### YOUR INSTRUCTIONS
The answer must consist only of the lines in the records below from the line with "T(itus) FLAVIVS BASSVS" to the line with "- 4時間足: 1.1547(11/11安値)→", both included, copied word for word with every picture left out.

▼▼▼

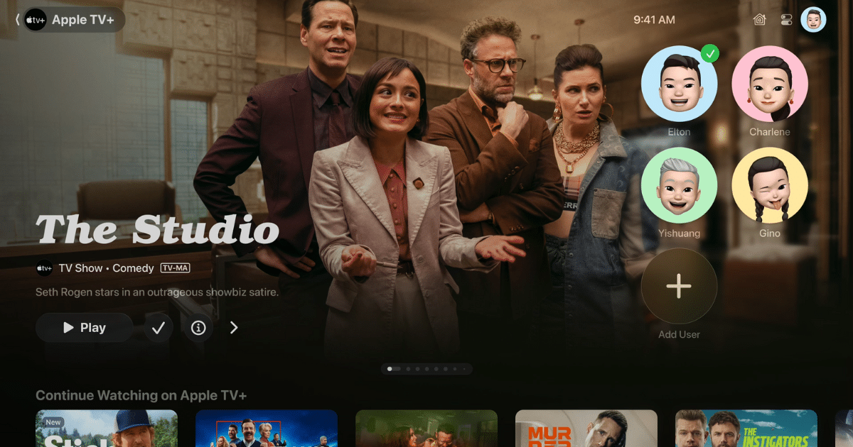 tvOS 26 usprawnia zarządzanie profilami, automatycznie wyświetlając opcje profilu po wybudzeniu urządzenia. Dzięki temu użytkownicy mogą od razu przejść do spersonalizowanych list odtwarzania, rekomendacji i list odtwarzania Apple Music bez dodatkowej nawigacji. Nowy interfejs API dla programistów łączy także dane logowania do aplikacji z identyfikatorami Apple ID, upraszczając logowanie do usług przesyłania strumieniowego podczas konfiguracji.
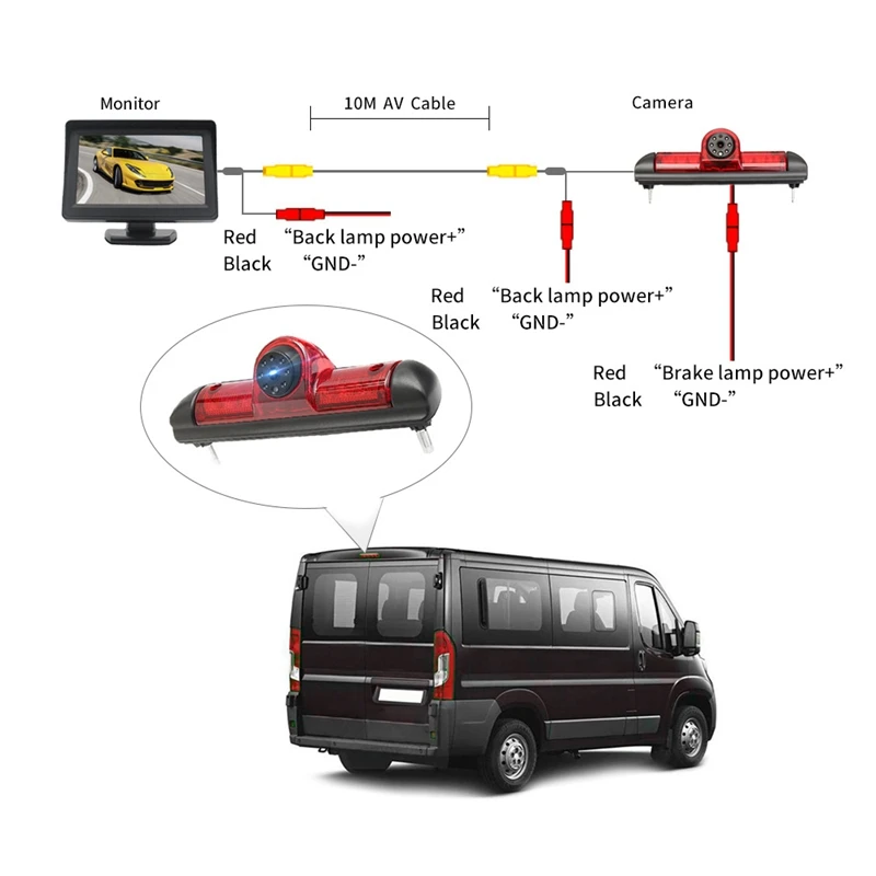 Стоп-сигнал с камерой заднего вида, поворот на 170 градусов и монитор 4,3 дюйма для FIAT Ducato, CITROEN Jumper, PEUGEOT Boxer 2006-2015
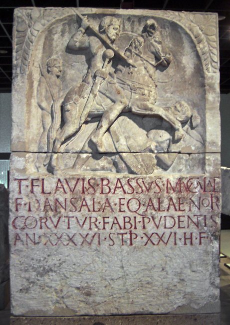 T(itus) FLAVIVS BASSVS MVCALAE / F(ilius) DANSALA EG(ues) ALAE NORI / CORU(m) TVR(ma) FABI PVDENTIS / AN(norum) XXXXVI STIP(endiorum) XXVI H(eres) F(aciendum) C(uravit).
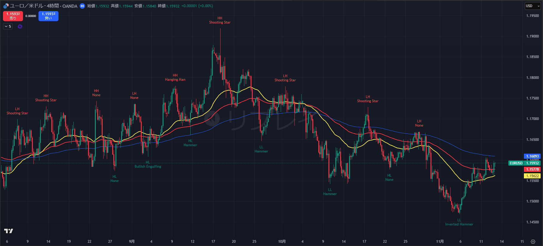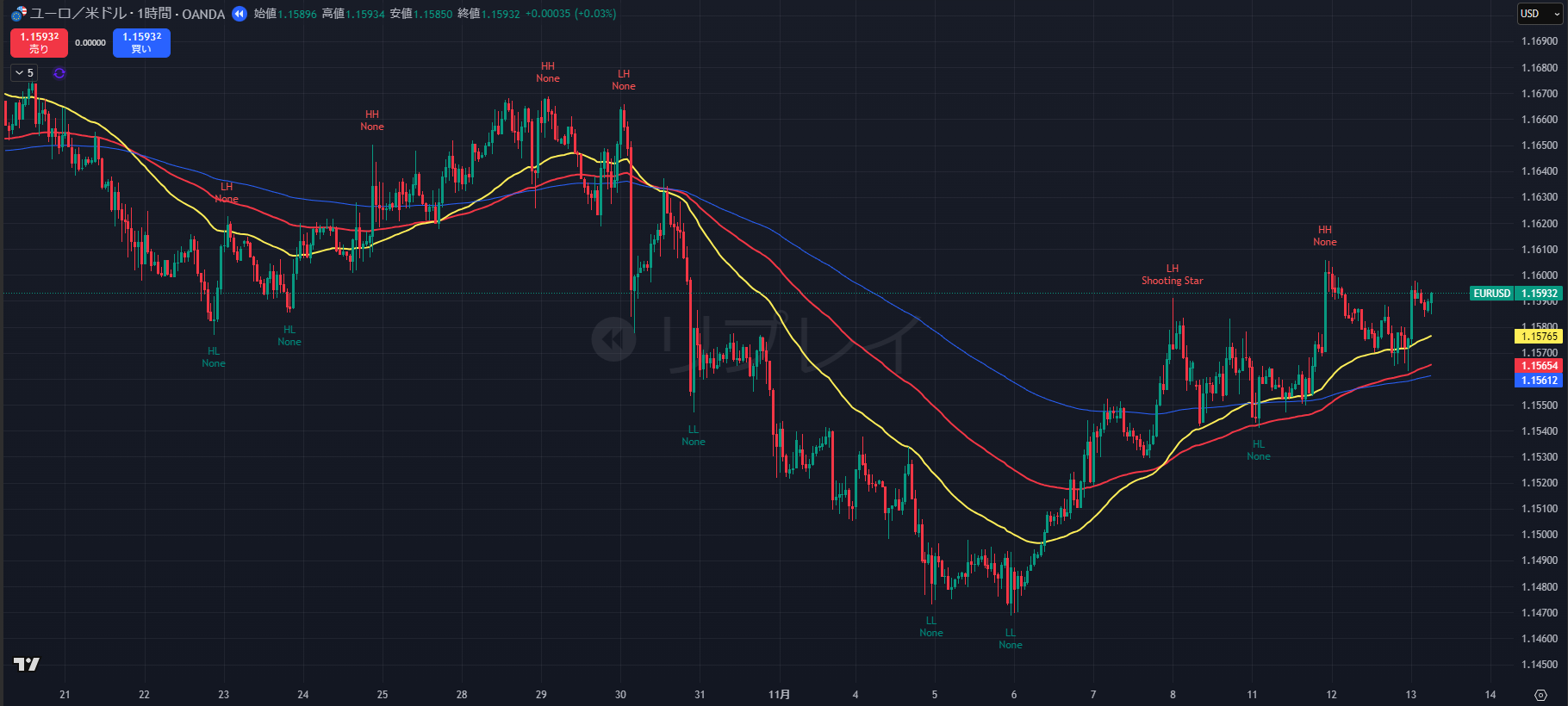 - 4時間足: 1.1547(11/11安値)→ 1.1565(11/12安値)と明確にHigher Low (HL) を形成中。高値も1.1580から1.1594(今朝未明)へと更新しており、ダウ理論上、上昇トレンドは継続しています。
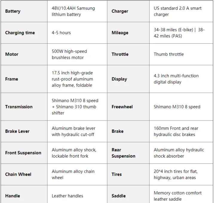 ★[Топ-исполнитель] цельнокроеная складная рама из алюминиевого сплава, механическая блокировка передней подвески, пружинный Задний амортизатор и полные шины 4,0 дюйма. X7 может взять вас в любом месте, независимо от того, мокрый камень, грязные дорожки, песчаный пляж или снежные холмы. Он более удобен с отличной амортизацией, защитой от проколов и более сильной износостойкостью. Возьмите свой складной X7 и исследуйте. ★[Оптимизированная электрическая система] 48V 10.4Ah Samsung скрытый отсек батареи делает X7s более водонепроницаемым. Custom 500W мотор Заднего Привода обеспечивает 60 N · m исключительный крутящий момент, чтобы завоевать все препятствия. До 500 ватт двигателя, который позволяет ему достигать скорости более 28 миль/ч и предлагает помощь в путешествиях до 55 миль за заряд. ★[E · PAS regeneration] E · PAS система превращает двигатель в генератор, который может заряжать от 20% до 60% мощности обратно к батарее, когда вы наслаждаетесь спуском или скорость превышает 14 mph при PAS 0/1. E-PAS эффективно продлевает срок службы двигателя и аккумулятора и позволяет вашему велосипеду иметь больший Пробег (от 60 до 80 миль). Это одна из причин, почему вы влюбитесь в него. ★[Переключения и тормоза] Shimano SL-TX50 7 скоростей и RD-TY300 переключателей обеспечивают точное и плавное переключение гарантирует, что ваш подъездный поезд будет отвечать в течение длительного времени. Оснащенный механическими дисковыми тормозами Tektro спереди и сзади, X7 обладает сильной и отзывчивой тормозной силой, которая обеспечивает полный контроль на другой поверхности. ★[Обслуживание] 80C Интеллектуальный IP65 водонепроницаемый ЖК-дисплей показывает больше вы хотите. Поворотная дроссельная заслонка, 5 Вт яркая фара, мягкое седло и легкая контрольная рукоятка. Каждая часть тщательно отбирается и тщательно проверяется на качество. Мы объединили наши производственные знания с компонентами надежных брендов для обеспечения экономически эффективных электрических велосипедов. 85% предварительно собранный.
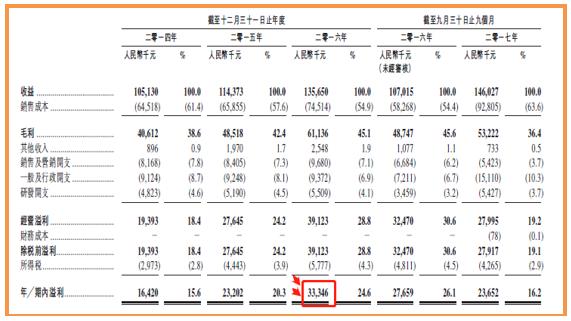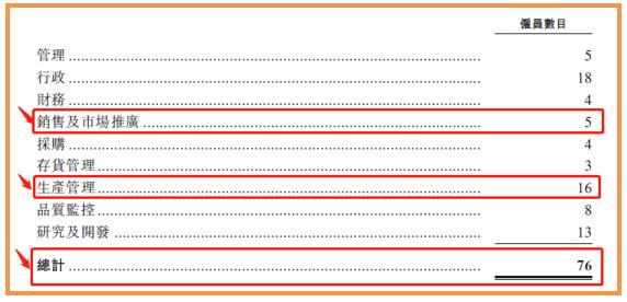 其实,拿到公司的上市资料,最令投资者惊艳的地方,是其高效的生产方式和高额的人均创利水平。截至最后实际可行日期,公司共有76 名员工,如下图所示。其中生产管理人员为16人,而公司上市前最近的一个完整财政年度,2016年公司自产销售收入为1.2亿元(货币单位:人民币,下同),生产人员人均年生产值为750万元;

▲▲▲

### ANSWER SECTION
 T(itus) FLAVIVS BASSVS MVCALAE / F(ilius) DANSALA EG(ues) ALAE NORI / CORU(m) TVR(ma) FABI PVDENTIS / AN(norum) XXXXVI STIP(endiorum) XXVI H(eres) F(aciendum) C(uravit).
 - 4時間足: 1.1547(11/11安値)→ 1.1565(11/12安値)と明確にHigher Low (HL) を形成中。高値も1.1580から1.1594(今朝未明)へと更新しており、ダウ理論上、上昇トレンドは継続しています。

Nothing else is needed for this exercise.